Task requirements: An exact copy of the listing is required, with its pictures removed.

Source records:
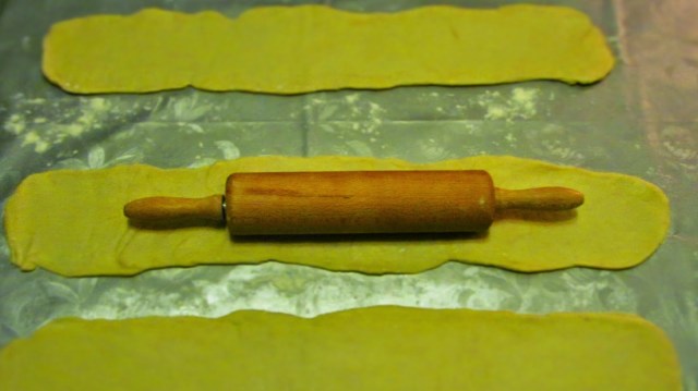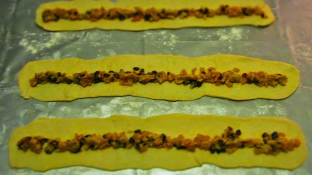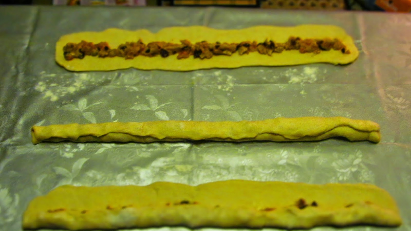 - Разпределих плънката равномерно в средата и по дължина на всяка кора.
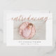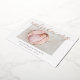 Moderne, elegante Geburtenankündigungen zeichnen Ihr bevorzugtes, horizontal oder landschaftsorientiertes neugeborenes Foto aus, das in der Rose als Schriftzeichen für Goldfolie "vorgestellt" wird. Der Name und die Geburtsdaten des Babys erscheinen unten. Fügen Sie der Rückseite sechs zusätzliche Fotos in einem Collage-Layout hinzu, oder löschen Sie, um leer verlassen.
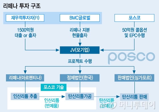 포스코와 FI는 리떼아의 모기업이 될 조인트벤처(JV)에 투자할 예정이다. 이와 동시에 현재 리떼아 지분 83.7%를 보유한 최대주주 BMC글로벌이 리떼아 지분을 조인트벤처에 현물로 출자한다.
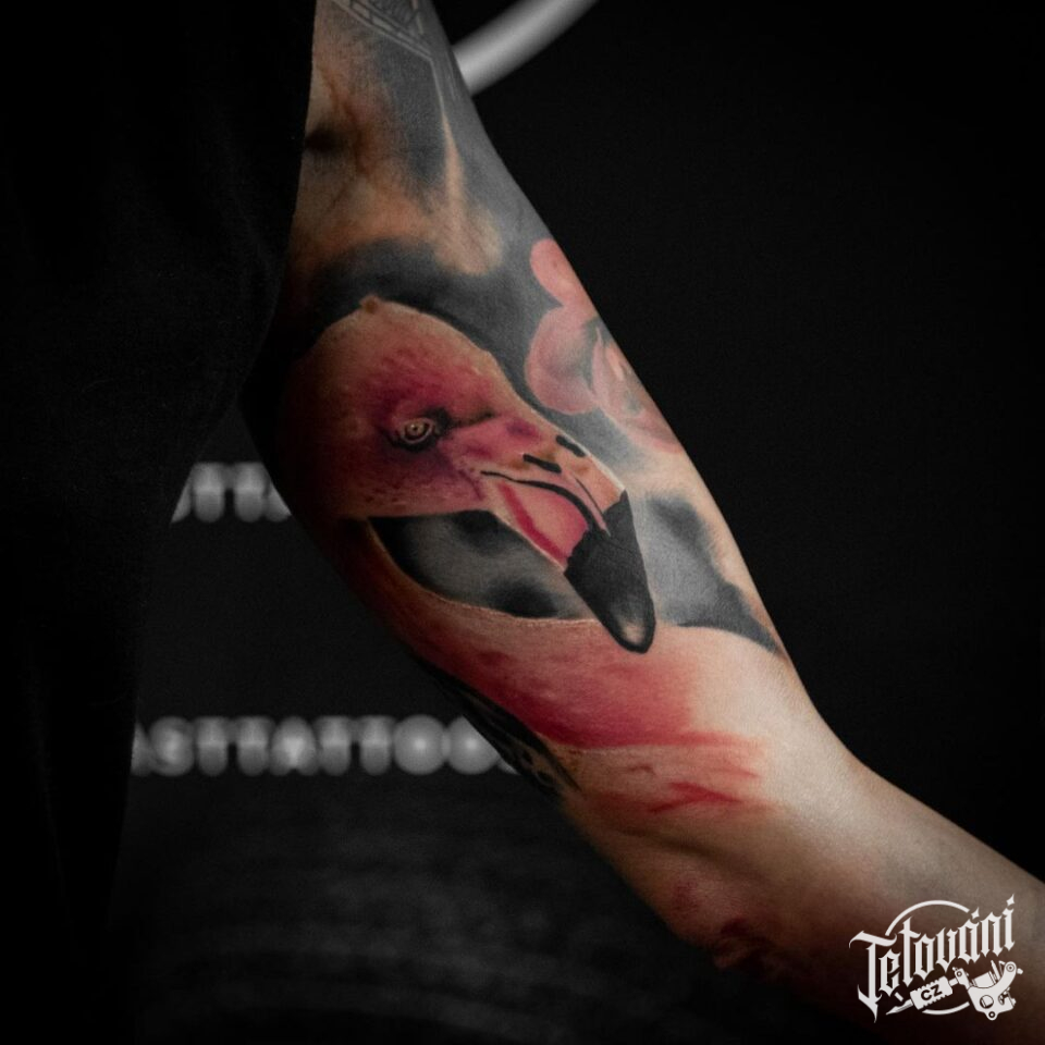 Tetování na ruku, zvíře, plamenák
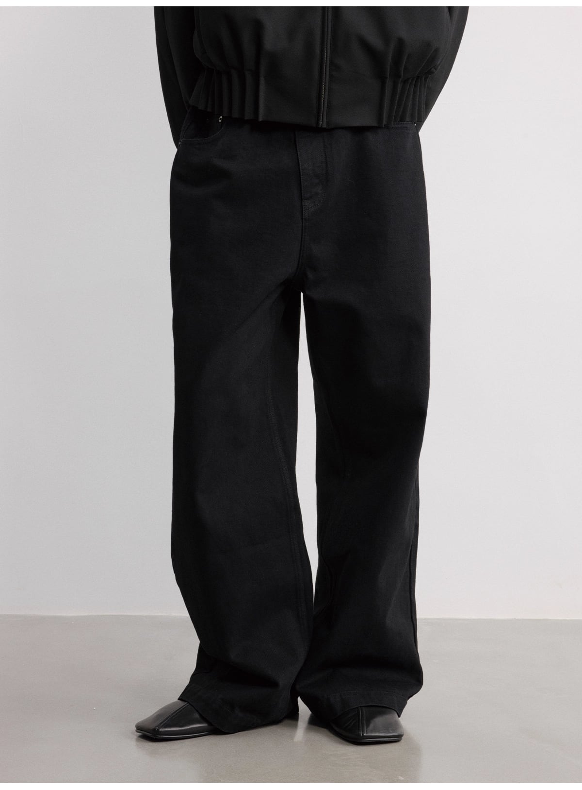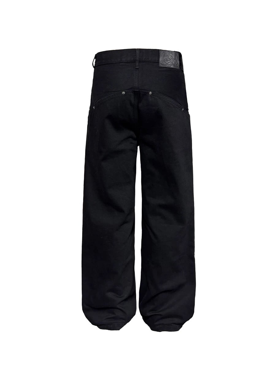 14.5オンスの重厚なブラックデニムは、綿の柔らかな肌触りとポリエステルの強度を融合させたハイブリッドな素材感。
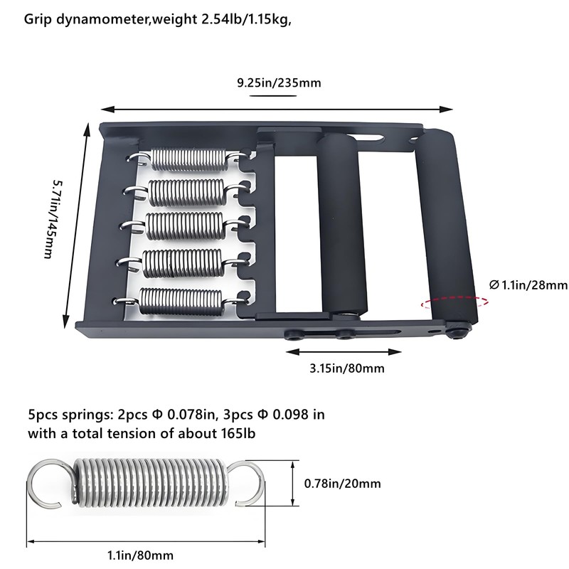 - Adjustable Resistance from 30lb to 165lb:Customize your training by adding/removing springs (5 included). Perfect for beginners to pros aiming to build finger, wrist, and forearm strength.
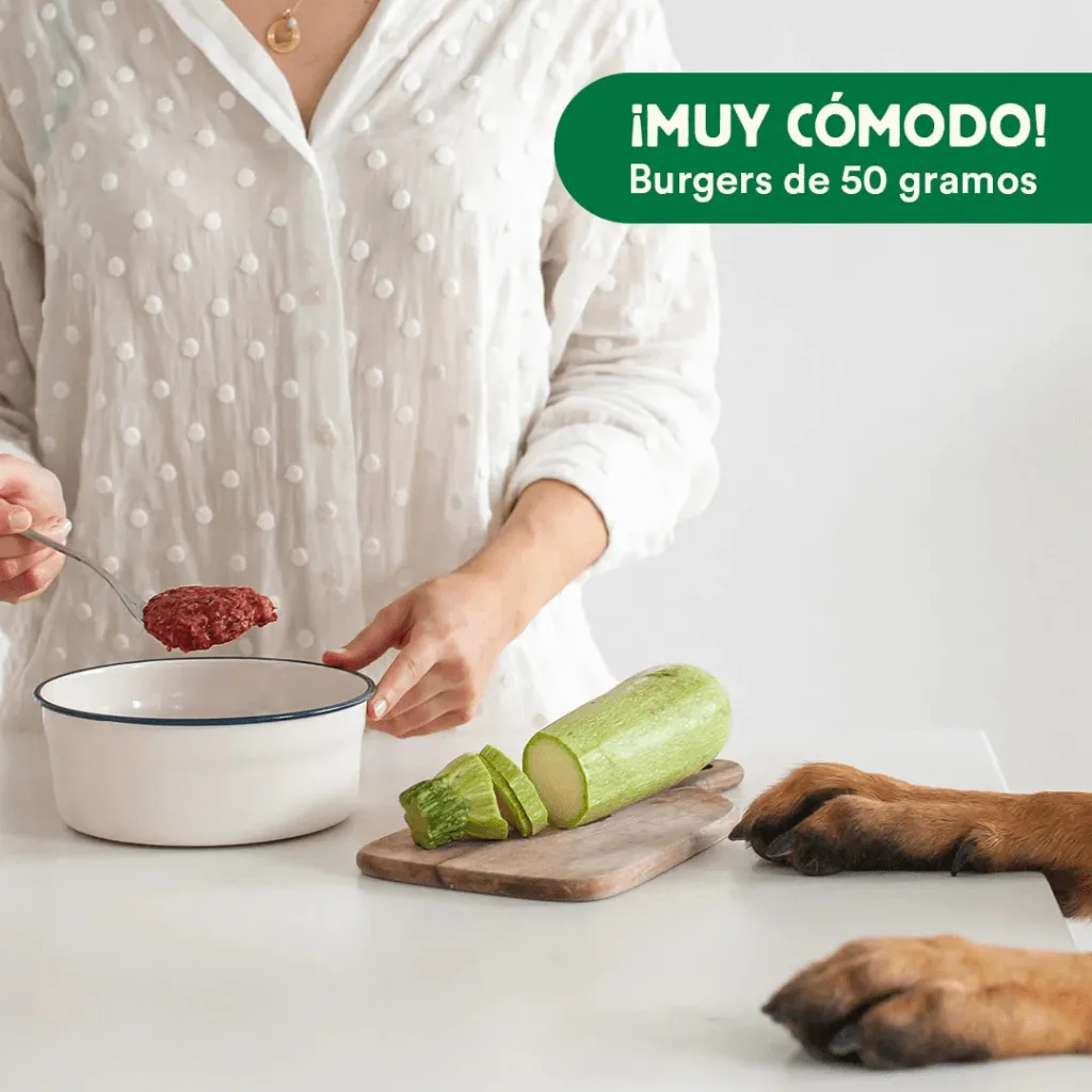 Los Menús BARF de Wild Balance no son solo para ellos, también están pensados para ti. Con Su cómodo formato de hamburguesas de 50g te será muchísimo más fácil alimentar a tu perro con comida natural. Es muy sencillo de racionar la comida en el caso de perros pequeños o incluso de perros grandes, ya que no tendremos que estar dividiendo grandes cantidades, simplemente cogeremos el número de hamburguesas que tenga que comer. ¿Ves qué fácil?

Final answer:
 - Разпределих плънката равномерно в средата и по дължина на всяка кора.
 Moderne, elegante Geburtenankündigungen zeichnen Ihr bevorzugtes, horizontal oder landschaftsorientiertes neugeborenes Foto aus, das in der Rose als Schriftzeichen für Goldfolie "vorgestellt" wird. Der Name und die Geburtsdaten des Babys erscheinen unten. Fügen Sie der Rückseite sechs zusätzliche Fotos in einem Collage-Layout hinzu, oder löschen Sie, um leer verlassen.
 포스코와 FI는 리떼아의 모기업이 될 조인트벤처(JV)에 투자할 예정이다. 이와 동시에 현재 리떼아 지분 83.7%를 보유한 최대주주 BMC글로벌이 리떼아 지분을 조인트벤처에 현물로 출자한다.
 Tetování na ruku, zvíře, plamenák
 14.5オンスの重厚なブラックデニムは、綿の柔らかな肌触りとポリエステルの強度を融合させたハイブリッドな素材感。
 - Adjustable Resistance from 30lb to 165lb:Customize your training by adding/removing springs (5 included). Perfect for beginners to pros aiming to build finger, wrist, and forearm strength.
 Los Menús BARF de Wild Balance no son solo para ellos, también están pensados para ti. Con Su cómodo formato de hamburguesas de 50g te será muchísimo más fácil alimentar a tu perro con comida natural. Es muy sencillo de racionar la comida en el caso de perros pequeños o incluso de perros grandes, ya que no tendremos que estar dividiendo grandes cantidades, simplemente cogeremos el número de hamburguesas que tenga que comer. ¿Ves qué fácil?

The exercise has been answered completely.